>
> Matt Doran wrote:
>> Matt Kettler wrote:
>>> On 1/7/2010 9:14 PM, Matt Doran wrote:
>>>> Hi guys,
>>>>
>>>> I was recently doing some reconfigurating/optimization of our
>>>> SpamAssassin setup.   And I've started seeing the following entries
>>>> in the mail.log.   They don't appear for every mail processed, but
>>>> it does happen multiple times a day.
>>>>
>>>> I'm running Debian stable, SpamAssassin 3.2.5 in daemon mode, and
>>>> using sa-update to keep the rules up-to-date.   I enable the
>>>> shortcircuiting plugin to implement some of these optimizations,
>>>> and I'm wondering whether this is what introduced these problems.
>>>>
>>>>
>>>> There seems to be 2 classes of warning.  The first is this:
>>>>
>>>>     no meta_dependencies defined for SUBJ_RE_NUM at
>>>>     /usr/share/perl5/Mail/SpamAssassin/Plugin/Check.pm line 414.

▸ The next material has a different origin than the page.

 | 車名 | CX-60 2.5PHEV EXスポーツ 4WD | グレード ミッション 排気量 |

>>>>     Use of uninitialized value in split at
>>>>     /usr/share/perl5/Mail/SpamAssassin/Plugin/Check.pm line 417.
>>>>
>>>> These 2 lines are repeated over and over for about 280 different rules.
>>>>
>>>>
>>>> Then next warning is about an "uninitialized value in
>>>> concatenation".   The warning can look a bit different but it's
>>>> always at the same line.  Here's some examples:
>>>>
>>>>     Use of uninitialized value in concatenation (.) or string at
>>>>     /usr/share/perl5/Mail/SpamAssassin/Plugin/Check.pm line 1028.

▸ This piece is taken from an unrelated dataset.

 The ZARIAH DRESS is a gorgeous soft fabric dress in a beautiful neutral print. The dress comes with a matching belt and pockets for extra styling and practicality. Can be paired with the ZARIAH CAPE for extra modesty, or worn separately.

>>>>     last message repeated 1088 times
>>>>
>>>> and
>>>>
>>>>     Use of uninitialized value in concatenation (.) or string at
>>>>     /usr/share/perl5/Mail/SpamAssassin/Plugin/Check.pm line 1028,
>>>>     <$tmpfile> line 2290.
>>>>
>>> <snip>
>>>>
>>>> I didn't see these warnings before my changes.   Any ideas on the
>>>> cause of these and how to resolve them?
>>>
> OK, I think I'm onto something here.   The warnings would appear for
> the first message processed by that process.  I was able to reproduce
> by restarting the daemon and sending in a new message.
>
> >From my experimenting with the shortcircuit plugin I know that it has
> the ability to change the order rules are evaluated (based on the
> "priority").    So I suspected that the order that rules are evaluated
> introduced this problem.  I added a short-circuit rule for NO_RELAYS, i.e.
>
>     shortcircuit NO_RELAYS ham
>
>
> If I remove this rule, I no longer see the warnings. Hmmmm.
>
> So now I need a SA/shortcircuit guru to help me understand what I did
> wrong.   Is there a way for me to short-circuit when there are no
> relays without introducing these problems?

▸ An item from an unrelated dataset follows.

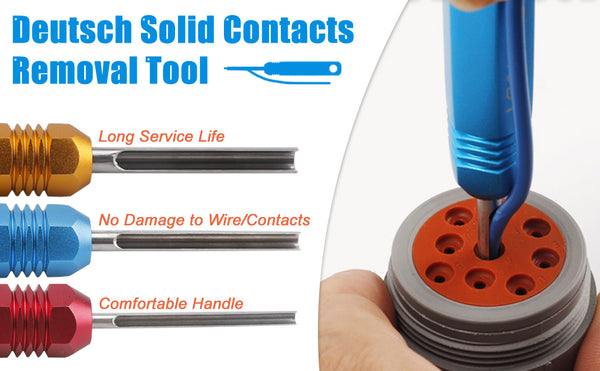 Wide Application: Remove the contacts from different connectors, applicable to DT DTP DTM Series,DRC,AEC,DTV,DRB ,HD10,HD20,HD30,HD Series,STRIKE,JIFFY SPLICE series connectors.
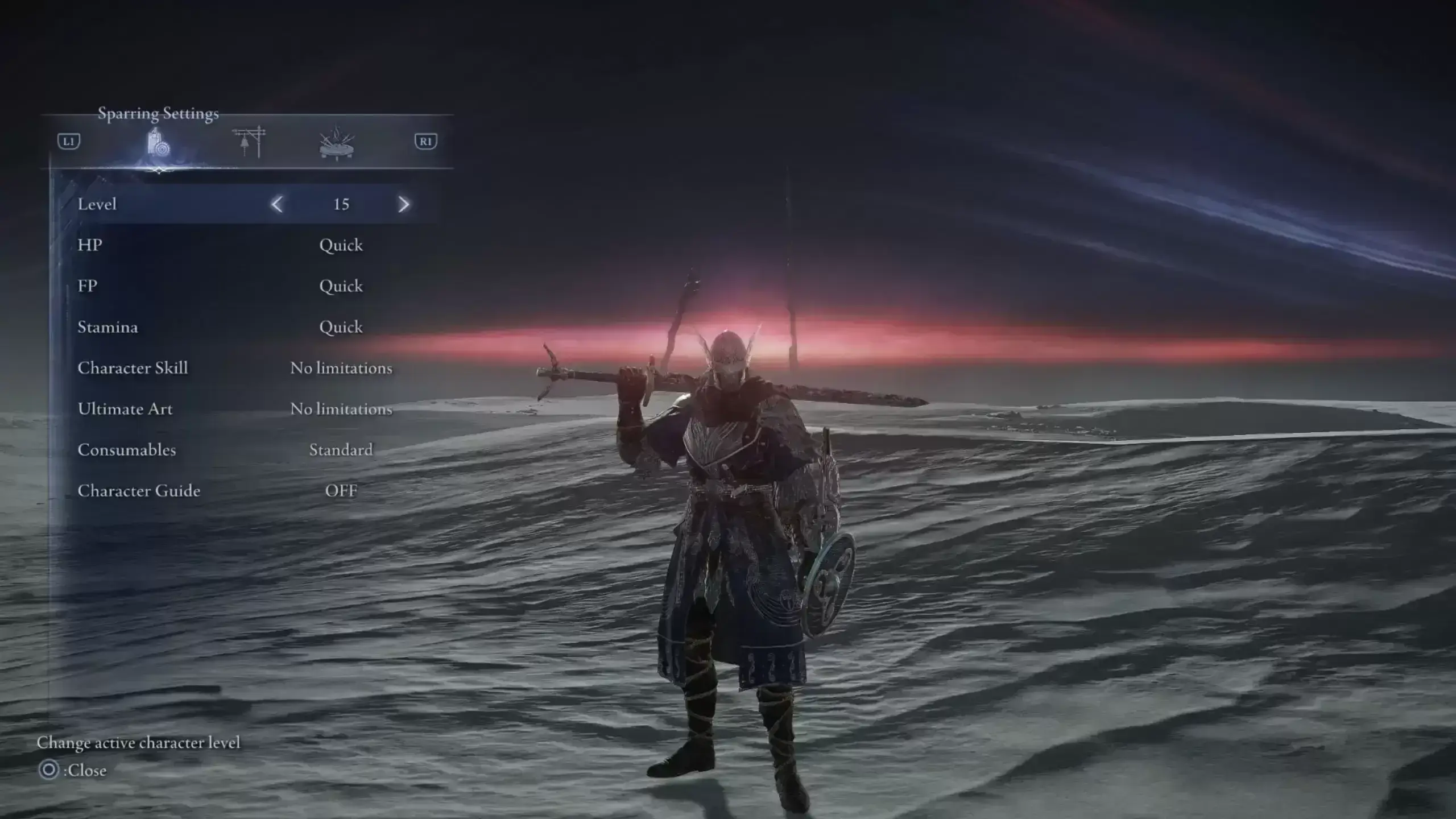 ⚙️ sparring菜单:调整等级/启用快速恢复/切换角色

Well, let's back up a bit.

NO_RELAYS is an *error*. This should never happen. If it is happening,
you very likely have a problem that needs fixing for SA to work accurately.

Usually if this is firing off, you've integrated SA in a way that it
never sees Recieved: headers generated by your local MTA, which is bad.
(all mail should have at least one Received: header before it gets to
SA, even if it's just saying "received from localhost by localhost".)
Usually this is from a borked MTA layer integration.

So, my personal recomendation would be to stop trying to shortcircuit
this rule, and figure out why there are no Received: headers in the message.